» MATERIAL FOR THIS EXERCISE:
--------

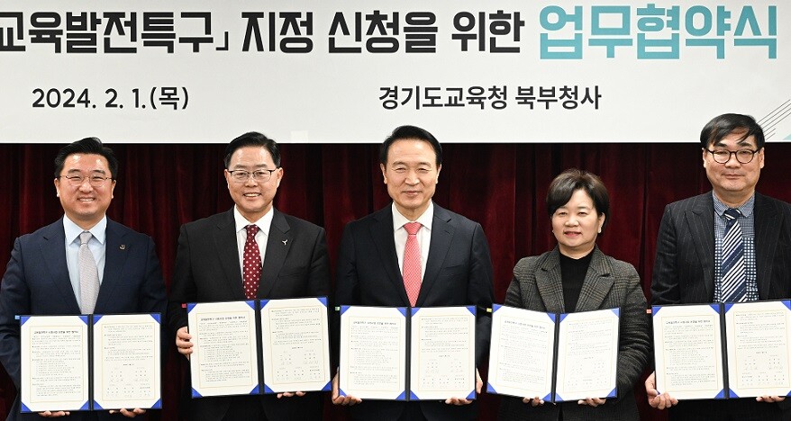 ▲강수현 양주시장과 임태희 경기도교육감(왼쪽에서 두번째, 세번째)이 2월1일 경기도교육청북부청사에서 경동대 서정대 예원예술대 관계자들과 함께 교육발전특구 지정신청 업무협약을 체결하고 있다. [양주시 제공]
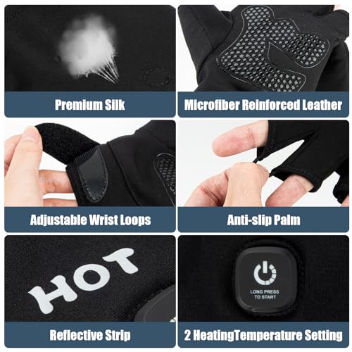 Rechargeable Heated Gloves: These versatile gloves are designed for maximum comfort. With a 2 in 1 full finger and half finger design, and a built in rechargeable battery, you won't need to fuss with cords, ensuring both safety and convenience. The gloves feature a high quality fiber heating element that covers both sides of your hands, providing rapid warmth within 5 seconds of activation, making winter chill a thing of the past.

--------

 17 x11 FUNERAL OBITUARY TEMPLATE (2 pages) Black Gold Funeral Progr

--------

» EXERCISE DETAILS:
Only one stretch of the material above is wanted: the line containing "있다. [양주시 제공]" through the line containing "Rechargeable Heated Gloves: These". Restate it word for word, minus the pictures.

» TASK SOLUTION:
 ▲강수현 양주시장과 임태희 경기도교육감(왼쪽에서 두번째, 세번째)이 2월1일 경기도교육청북부청사에서 경동대 서정대 예원예술대 관계자들과 함께 교육발전특구 지정신청 업무협약을 체결하고 있다. [양주시 제공]
 Rechargeable Heated Gloves: These versatile gloves are designed for maximum comfort. With a 2 in 1 full finger and half finger design, and a built in rechargeable battery, you won't need to fuss with cords, ensuring both safety and convenience. The gloves feature a high quality fiber heating element that covers both sides of your hands, providing rapid warmth within 5 seconds of activation, making winter chill a thing of the past.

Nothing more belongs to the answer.